Dataset>
______

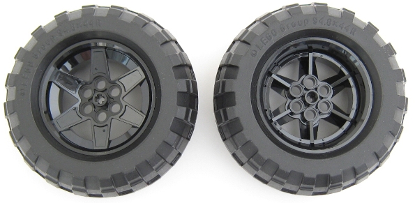 Wheel 56mm D. x 34mm Technic Racing Medium, 6 Pin Holes with Black Tire 94.8 x 44 R Balloon (15038 / 54120)
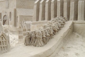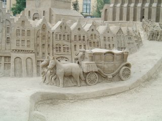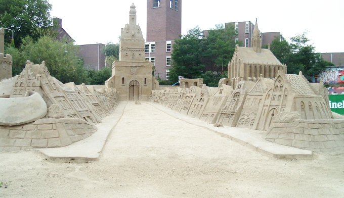 Nijmegen.This is a four day cycling event held annually in which thousands of cyclists go for various organised rides. It's not a race. Lots of people of all ages take part, mostly dressed in quite normal clothing. As you'll see from the posters, rides vary in length so that there is something to suit everyone. Perhaps the closest event to this that I've experienced in the UK is the type of holiday held by the Company of Cyclists, but a fietsvierdaagse can attract thousands of people. Tuesday had rides to the Betuwe, a nearby province of the Netherlands, Wednesday involved riding to Germany etc. Lots of these four day events are held in many places in the Netherlands (search for fietsvierdaagse and note that not all events are four day, or named in this way, so those won't appear) and it's just yet another of those things for cyclists that happen all the time in the Netherlands but which don't have an equivalent in the UK. Since relocating to the Netherlands, we've taken part in the largest Fietsvierdaagse, that in Drenthe. We're now organising our own series of cycling holidays in the Netherlands which are aimed at English speaking people. Another thing that impressed us in Nijmegen had absolutely nothing to do with cycling: ![]() There was a giant sand sculpture in the town. I was assured that this was made only of sand, yet that it had stood in this position for months with an amazing degree of detail on the figures and buildings. ![]() ![]() I've a number of other cycling articles including tour stories and bike reviews including the following: Description of a trip to the Netherlands to a racing event.A family holiday in the Netherlands. A cycle tour of Lincolnshire. Pictures of old English Tradesmans's bikes. You may also be interested in photos of some of my customer's bikes, which include restorations of old bikes with replica baskets. Or perhaps you're interested in the range of standard bicycle baskets that I offer. ![]() |
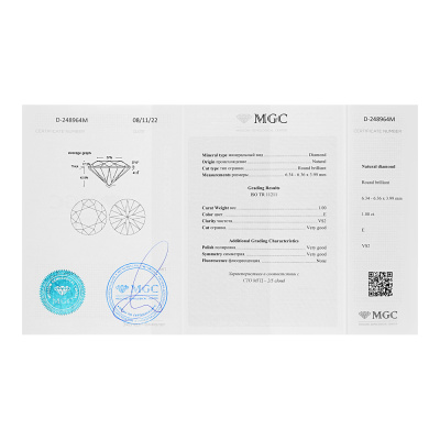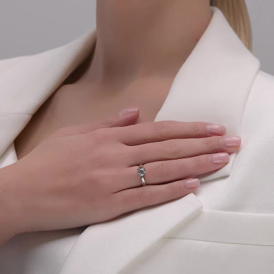Кольцо с 1 бриллиантом, 1 карат, огранка круг 57 граней, цвет 2, чистота 3, тип огранки А; Белое золото 585 пробы.
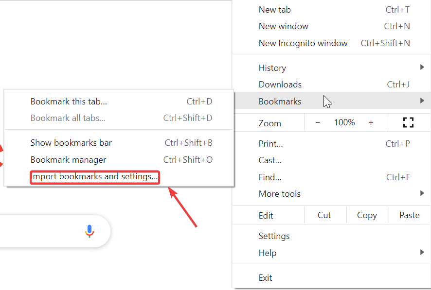 3. NapsautaKirjanmerkkivaihtoehto jaTuo kirjanmerkit ja asetuksetvaihtoehto.
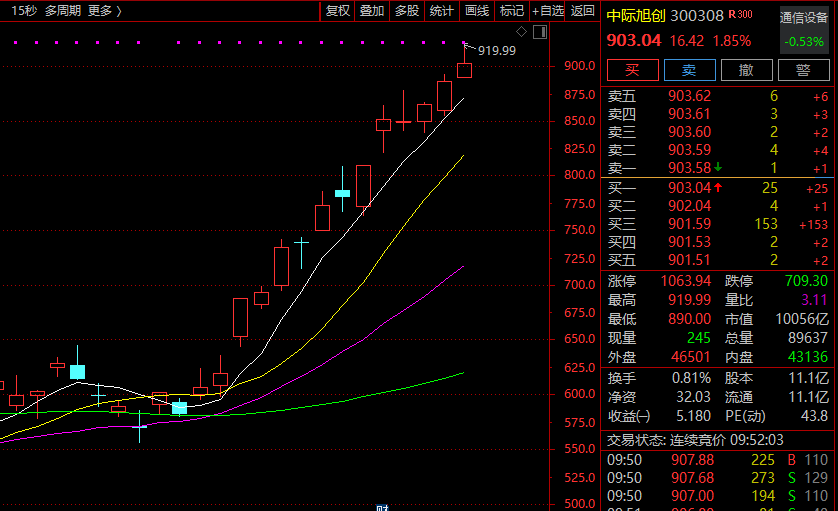 中际旭创( 300308 )盘中一度涨超 3% ,成为继工业富联后第二只总市值突破 1 万亿的算力硬件股,该股自去年 4 月 22 日以来累计上涨超 900% 。
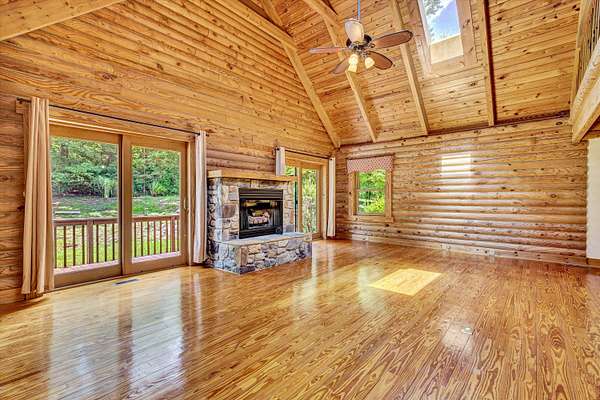Est $3,704/moWelcome to this charming log-style home on 5.46 private acres in Salem with mountain views and peaceful surroundings! This property offers gas-log fireplaces in the great room and den as well as an open kitchen that connects to a generous living space. Covered front and rear porches, a large deck, and garden areas offer great outdoor living. The full walkout basement provides extra flexibility and offers a 2 car garage. Outside the barn has two horse stalls and could be used for other animals, or would make a great workshop! This house is ideal for buyers seeking rustic charm with modern comfort and room to spread out, all within convenient reach of Roanoke, Salem, and Blacksburg.
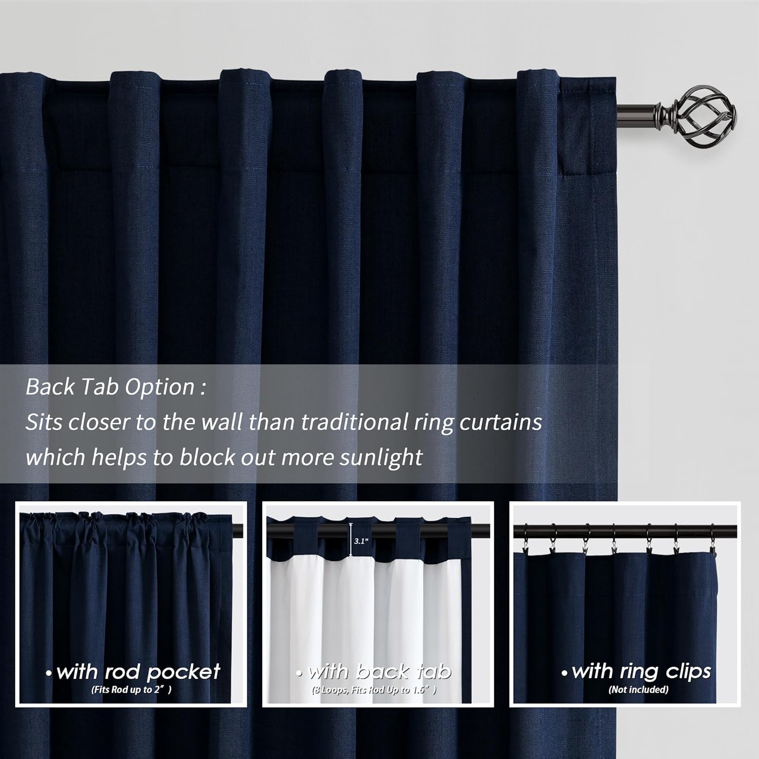 BOODII 100% Blackout Curtains for Bedroom 95 Inch Length 2 Panels Set Room Darkening Linen Curtains Navy Blue Black Out Curtain Thermal Insulated for Living Room Window Drapes Back Tab 52x95

______

Work to complete> All of the material above goes into the copy exactly as is; the pictures do not.

Response below>
 Wheel 56mm D. x 34mm Technic Racing Medium, 6 Pin Holes with Black Tire 94.8 x 44 R Balloon (15038 / 54120)
 Nijmegen.This is a four day cycling event held annually in which thousands of cyclists go for various organised rides. It's not a race. Lots of people of all ages take part, mostly dressed in quite normal clothing. As you'll see from the posters, rides vary in length so that there is something to suit everyone. Perhaps the closest event to this that I've experienced in the UK is the type of holiday held by the Company of Cyclists, but a fietsvierdaagse can attract thousands of people. Tuesday had rides to the Betuwe, a nearby province of the Netherlands, Wednesday involved riding to Germany etc. Lots of these four day events are held in many places in the Netherlands (search for fietsvierdaagse and note that not all events are four day, or named in this way, so those won't appear) and it's just yet another of those things for cyclists that happen all the time in the Netherlands but which don't have an equivalent in the UK. Since relocating to the Netherlands, we've taken part in the largest Fietsvierdaagse, that in Drenthe. We're now organising our own series of cycling holidays in the Netherlands which are aimed at English speaking people. Another thing that impressed us in Nijmegen had absolutely nothing to do with cycling: ![]() There was a giant sand sculpture in the town. I was assured that this was made only of sand, yet that it had stood in this position for months with an amazing degree of detail on the figures and buildings. ![]() ![]() I've a number of other cycling articles including tour stories and bike reviews including the following: Description of a trip to the Netherlands to a racing event.A family holiday in the Netherlands. A cycle tour of Lincolnshire. Pictures of old English Tradesmans's bikes. You may also be interested in photos of some of my customer's bikes, which include restorations of old bikes with replica baskets. Or perhaps you're interested in the range of standard bicycle baskets that I offer. ![]() |
Кольцо с 1 бриллиантом, 1 карат, огранка круг 57 граней, цвет 2, чистота 3, тип огранки А; Белое золото 585 пробы.
 3. NapsautaKirjanmerkkivaihtoehto jaTuo kirjanmerkit ja asetuksetvaihtoehto.
 中际旭创( 300308 )盘中一度涨超 3% ,成为继工业富联后第二只总市值突破 1 万亿的算力硬件股,该股自去年 4 月 22 日以来累计上涨超 900% 。
Est $3,704/moWelcome to this charming log-style home on 5.46 private acres in Salem with mountain views and peaceful surroundings! This property offers gas-log fireplaces in the great room and den as well as an open kitchen that connects to a generous living space. Covered front and rear porches, a large deck, and garden areas offer great outdoor living. The full walkout basement provides extra flexibility and offers a 2 car garage. Outside the barn has two horse stalls and could be used for other animals, or would make a great workshop! This house is ideal for buyers seeking rustic charm with modern comfort and room to spread out, all within convenient reach of Roanoke, Salem, and Blacksburg.
 BOODII 100% Blackout Curtains for Bedroom 95 Inch Length 2 Panels Set Room Darkening Linen Curtains Navy Blue Black Out Curtain Thermal Insulated for Living Room Window Drapes Back Tab 52x95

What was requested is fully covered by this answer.